I discuss this issue on today's What's Up radio program, hosted by Terry Lowry and broadcast nationally on Sirius Channel 131 and also on 12 radio stations from Texas to Pennsylvania. You can download and listen to Segment 1 here and to Segment 2 here.

Tomorrow I will be in Nashville, TN, to promote the universal right to civil jury trials, standing alongside the Tennessee Association for Justice and Susan Saladoff, producer of the documentary movie, Hot Coffee, which tells the truth about the famous McDonald's "hot coffee" case. As I mentioned in an interview with the Tennessee Public News Service, the "tort reform" side has mythologized that case, completely distorting the facts. Judson Phillips, founder of Tea Party Nation, rebutted those myths with actual facts in a December WorldNetDaily piece on the unconsitutionality of federal tort reform. I'm very pleased that Judson will join us tomorrow in Nashville.

It's critical that Americans learn of the importance that the Founding Fathers gave to the right to civil jury trials for all causes and in all courts, state and federal. Historian Pauline Maier's book, Ratification: The People Debate the Constitution, 1787-1788, has drawn rave reviews from a number of conservative legal scholars. Randy Barnett called it "marvelous" and described it as "the first comprehensive narrative of the ratification of the U.S Constitution, from the Philadelphia convention, through each of the states (in order of deliberation) and the drafting and adoption of the first 10 amendments." So I downloaded it on Kindle and searched for references to the right to a civil jury trial. And the book refers to a number of instances in which the states discussed and debated the need to protect that right in explicitly in the Bill of Rights after the delegates to the Constitutional Convention rejected motions to do so in the Constitution.

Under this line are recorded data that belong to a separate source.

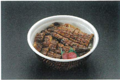
※薬味付、出汁はついてません 上ひつまぶし井 3,780円(税込4,082円)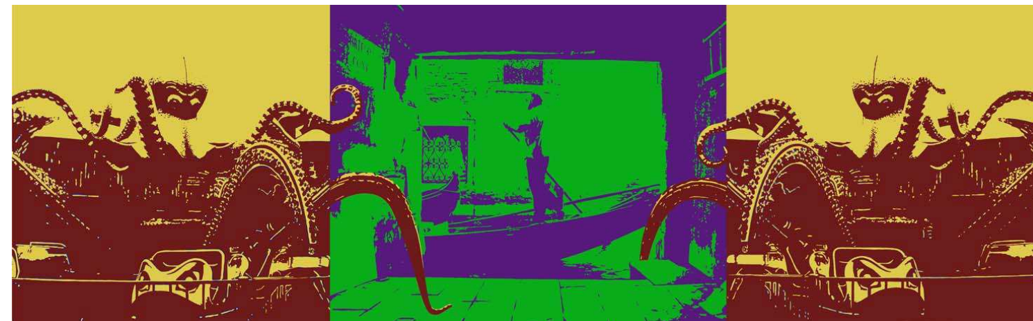
Neptune dans la lagune, 2010, acrylique sur toile 2 x 130 x 130 cm + 130 x 162 cm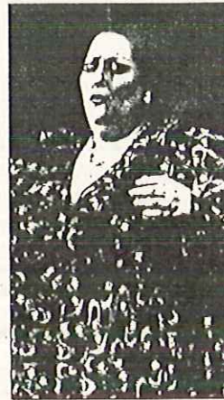
Montserrat Caballé deleitó al público de Varsovia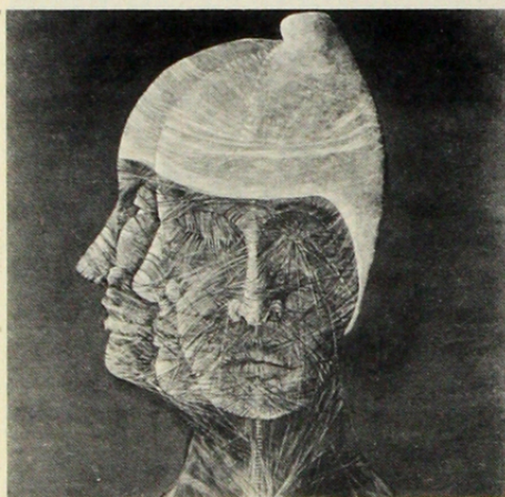
"Serie animal humano" (acrílico tela) 1976 BENJAMÍN LIRA.

Se advierte en las artes plásticas el anhelo común de pintores, escultores, dibujantes y grabadores de vincularse estrechamente, a través de sus quehaceres, con la vida misma.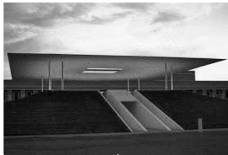
Рис. 4. – Д. Тарелл «Сутінкове Богоявлення» (2012), університет Вільяма Марша Райса, м. Х'юстон, шт. Техас, США.

протилежних сторонах, які являють собою білий бетонний портал, що розсікає піраміду по вертикалі. Рівний простір навколо піраміди, так само покритий газоном, дозволяє сковзати погляду деякий час по зеленій поверхні й зупинитися на «літаючій тарілці» (даху «skyspaces») – акценті даного простору. Для глядачів зазначено, що найбільш вражаюче видовище виникає за сорок хвилин до сходу сонця й за сорок хвилин після заходу сонця, коли виникає перетворення між світлом і темрявою на небі вгорі. Щодо значущості цього об'єкта сучасного мистецтва, то в новинах було написано: «Інсталяція в університетському містечку буде служити місії університету надихати своїх студентів, відповідно до девізу школи «нетрадиційної мудрості»» (James Turrell's «Twilight Epiphany») (рис. 4).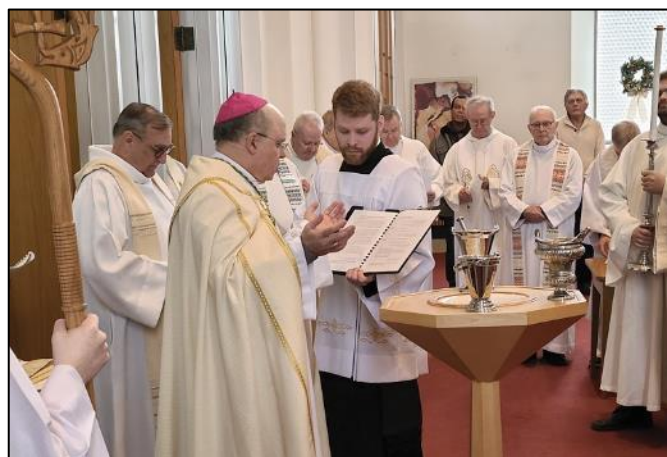
Bénédiction de l'eau baptismale pour l'aspersion qui va suivre.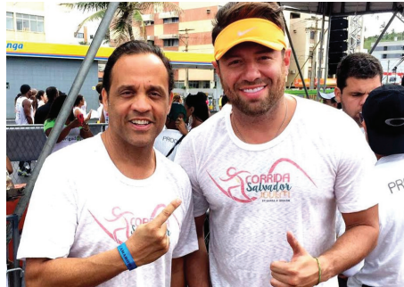
Corrida Salvador Jovem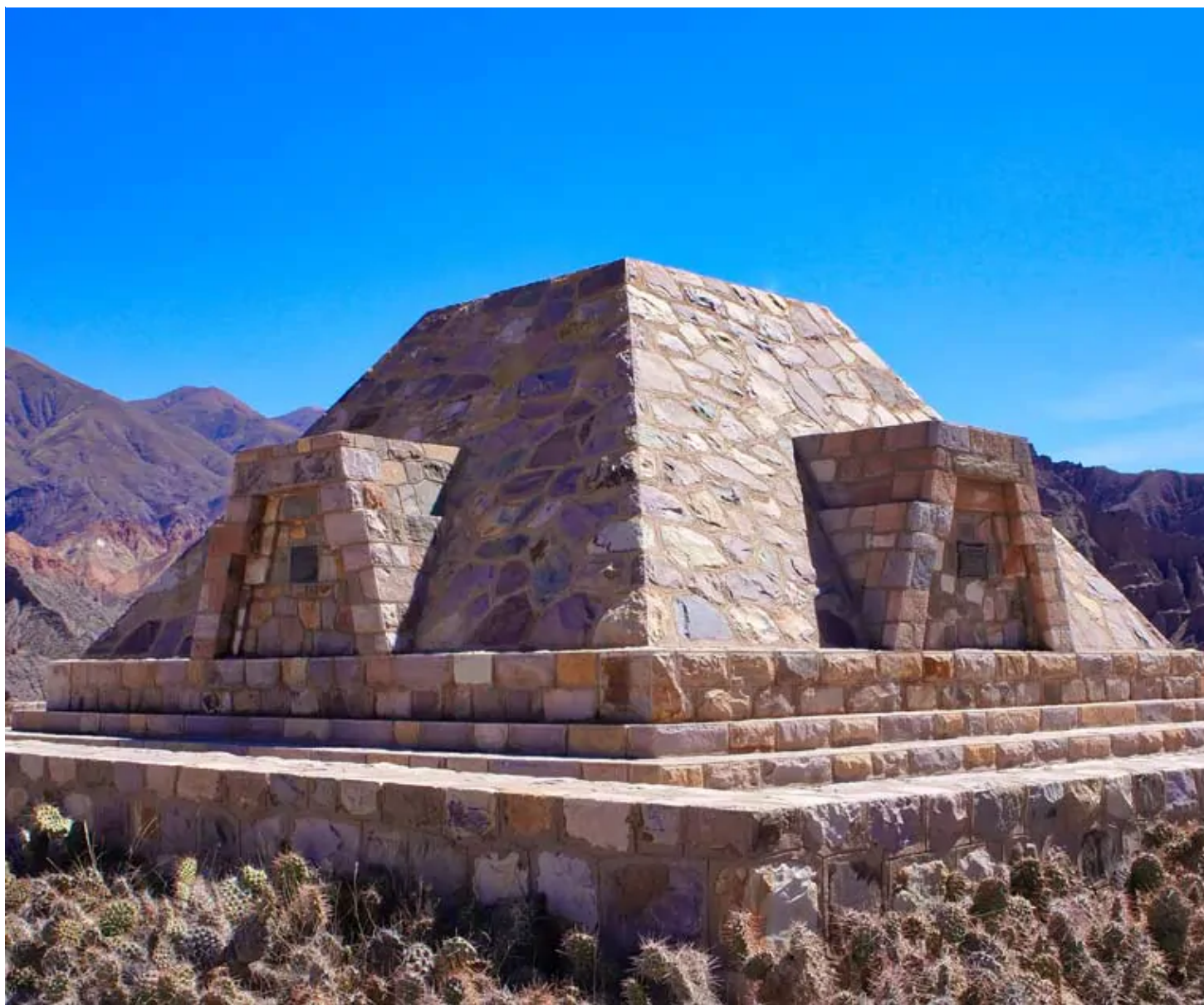
Ruines de Tilcara

The benefit of the right to civil jury trials and the need to protect that right was a part of numerous state ratification conventions. For instance, the delegates to the Pennsylvania ratification delegation entered into a heated argument over whether Sweden had utilized, and then eliminated, civil jury trials and the impact on civil justice, which was resolved only when a commentary by the English jurist William Blackstone proved that civil jury trials had been commonplace thoughout Europe. The book documents similar debates in Connecticut and Virginia, the latter resolved by reference to the same Blackstone commentary that determined the debate in Pennsylvania. No less a patriot than Patrick Henry argued that the lack of explicit protection of jury trials for civil and criminal cases would lead to the loss of all rights. It was these debates that eventually led James Madison to propose the inclusion of what became the Seventh Amendment in the package of constitutional amendments proposed during the first Congress. And as I've documented in posts here, most state constitutions explicitly protect the right to civil jury trials.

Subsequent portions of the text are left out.